#### [Task to complete]
Once the line with "На берегу живописного" has been located in the records below, set down that line and all subsequent lines exactly, omitting the pictures.

▼

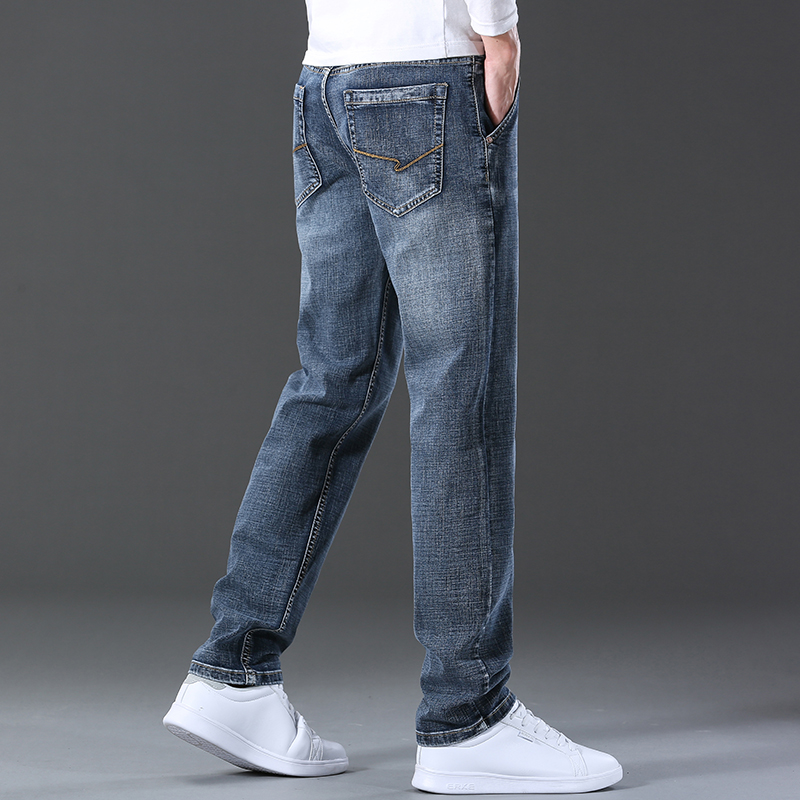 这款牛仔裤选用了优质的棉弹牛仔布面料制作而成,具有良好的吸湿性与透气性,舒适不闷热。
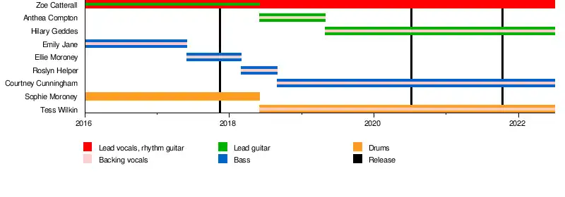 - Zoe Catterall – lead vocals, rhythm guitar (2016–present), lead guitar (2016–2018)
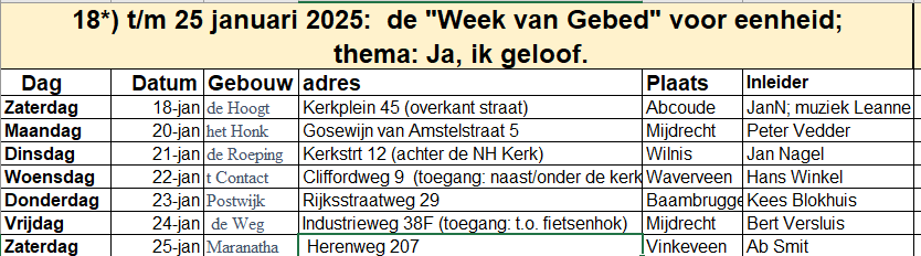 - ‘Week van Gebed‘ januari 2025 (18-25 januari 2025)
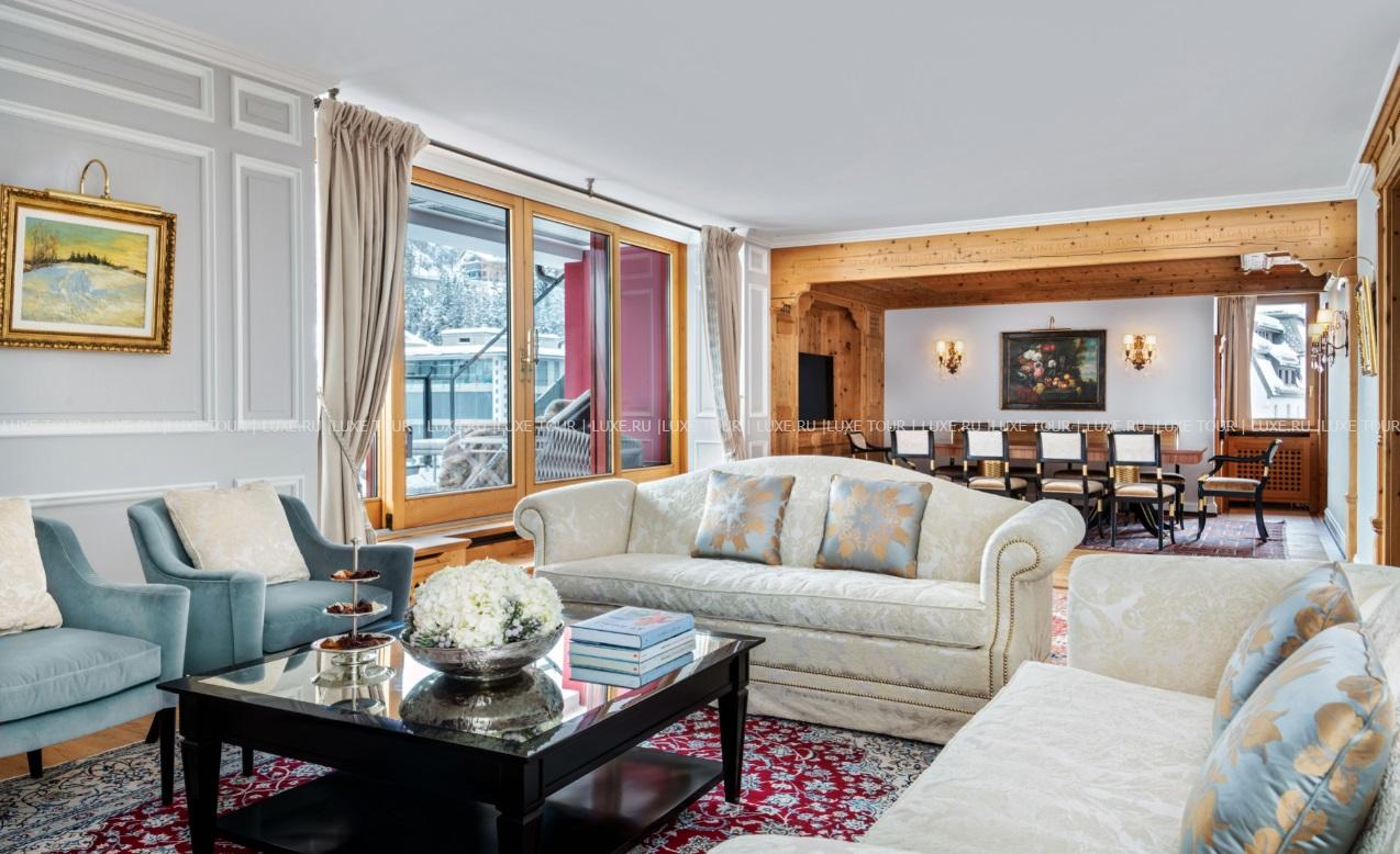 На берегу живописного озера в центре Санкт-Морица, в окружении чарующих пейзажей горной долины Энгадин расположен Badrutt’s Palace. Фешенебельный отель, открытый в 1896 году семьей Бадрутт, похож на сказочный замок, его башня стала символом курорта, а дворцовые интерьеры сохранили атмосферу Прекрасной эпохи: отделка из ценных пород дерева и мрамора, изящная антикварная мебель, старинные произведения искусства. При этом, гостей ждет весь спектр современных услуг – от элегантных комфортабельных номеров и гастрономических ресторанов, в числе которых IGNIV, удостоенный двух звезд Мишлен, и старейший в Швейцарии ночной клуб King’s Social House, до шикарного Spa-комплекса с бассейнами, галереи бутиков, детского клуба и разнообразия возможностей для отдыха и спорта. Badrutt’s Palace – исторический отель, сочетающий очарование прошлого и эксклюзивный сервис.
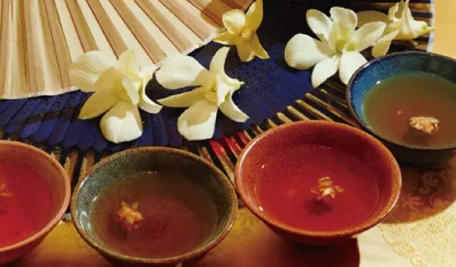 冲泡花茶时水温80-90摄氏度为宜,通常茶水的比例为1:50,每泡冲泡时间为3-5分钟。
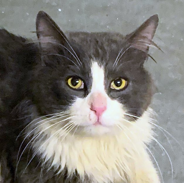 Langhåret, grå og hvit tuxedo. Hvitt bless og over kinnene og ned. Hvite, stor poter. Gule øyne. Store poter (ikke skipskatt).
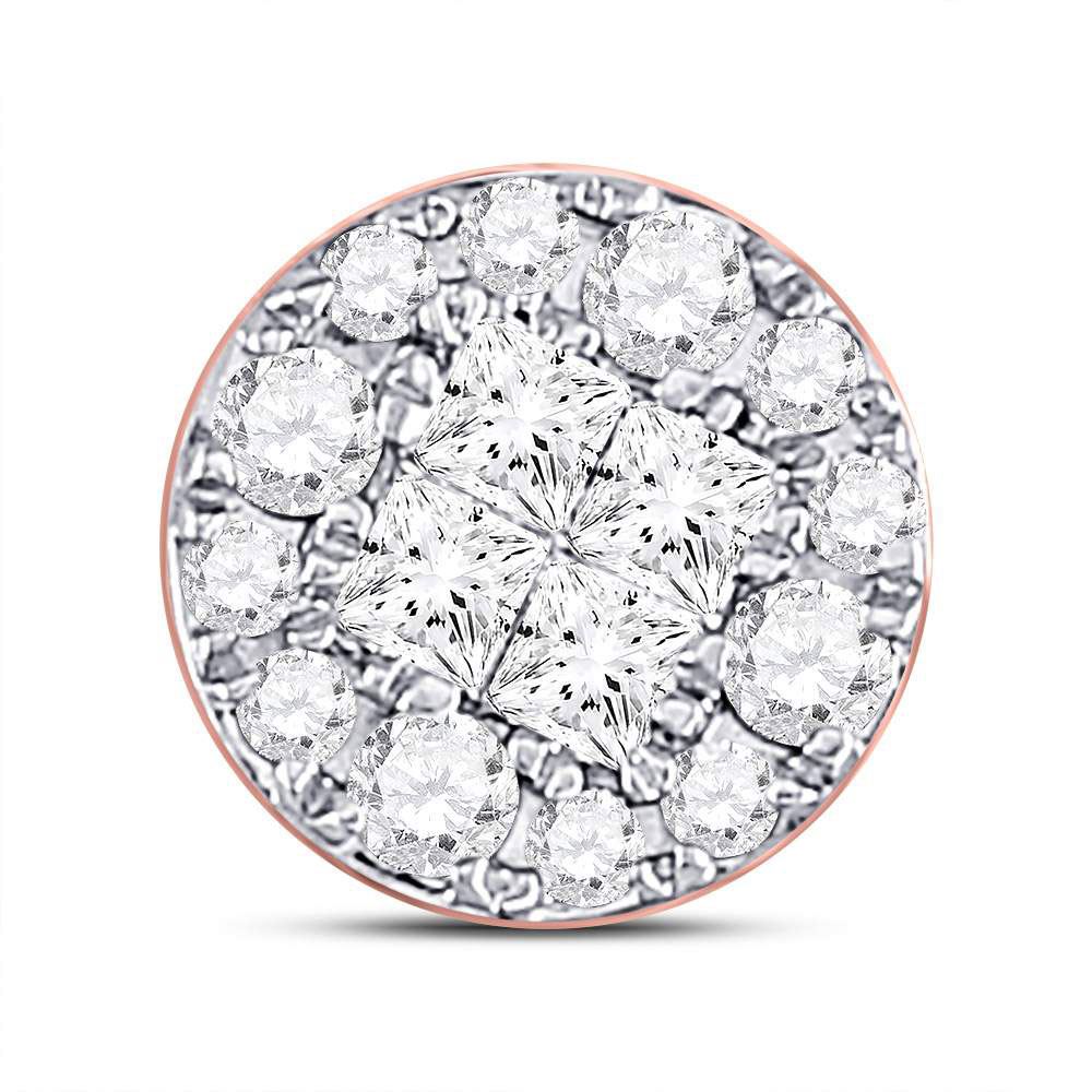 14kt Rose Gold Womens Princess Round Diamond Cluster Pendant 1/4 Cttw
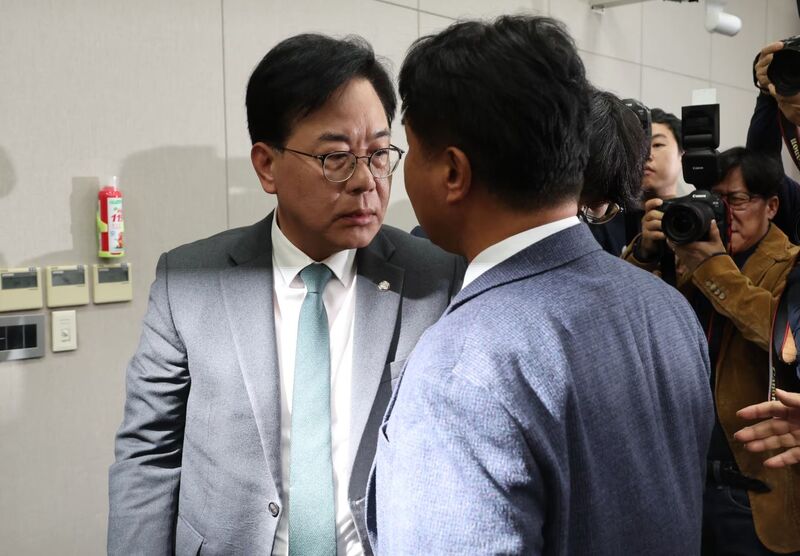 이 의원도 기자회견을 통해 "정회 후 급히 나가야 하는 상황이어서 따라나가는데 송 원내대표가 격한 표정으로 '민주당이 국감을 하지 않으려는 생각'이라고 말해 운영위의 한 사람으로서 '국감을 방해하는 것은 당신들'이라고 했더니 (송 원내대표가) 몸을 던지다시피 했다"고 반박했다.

▲

#### [Solution to this task]
 На берегу живописного озера в центре Санкт-Морица, в окружении чарующих пейзажей горной долины Энгадин расположен Badrutt’s Palace. Фешенебельный отель, открытый в 1896 году семьей Бадрутт, похож на сказочный замок, его башня стала символом курорта, а дворцовые интерьеры сохранили атмосферу Прекрасной эпохи: отделка из ценных пород дерева и мрамора, изящная антикварная мебель, старинные произведения искусства. При этом, гостей ждет весь спектр современных услуг – от элегантных комфортабельных номеров и гастрономических ресторанов, в числе которых IGNIV, удостоенный двух звезд Мишлен, и старейший в Швейцарии ночной клуб King’s Social House, до шикарного Spa-комплекса с бассейнами, галереи бутиков, детского клуба и разнообразия возможностей для отдыха и спорта. Badrutt’s Palace – исторический отель, сочетающий очарование прошлого и эксклюзивный сервис.
 冲泡花茶时水温80-90摄氏度为宜,通常茶水的比例为1:50,每泡冲泡时间为3-5分钟。
 Langhåret, grå og hvit tuxedo. Hvitt bless og over kinnene og ned. Hvite, stor poter. Gule øyne. Store poter (ikke skipskatt).
 14kt Rose Gold Womens Princess Round Diamond Cluster Pendant 1/4 Cttw
 이 의원도 기자회견을 통해 "정회 후 급히 나가야 하는 상황이어서 따라나가는데 송 원내대표가 격한 표정으로 '민주당이 국감을 하지 않으려는 생각'이라고 말해 운영위의 한 사람으로서 '국감을 방해하는 것은 당신들'이라고 했더니 (송 원내대표가) 몸을 던지다시피 했다"고 반박했다.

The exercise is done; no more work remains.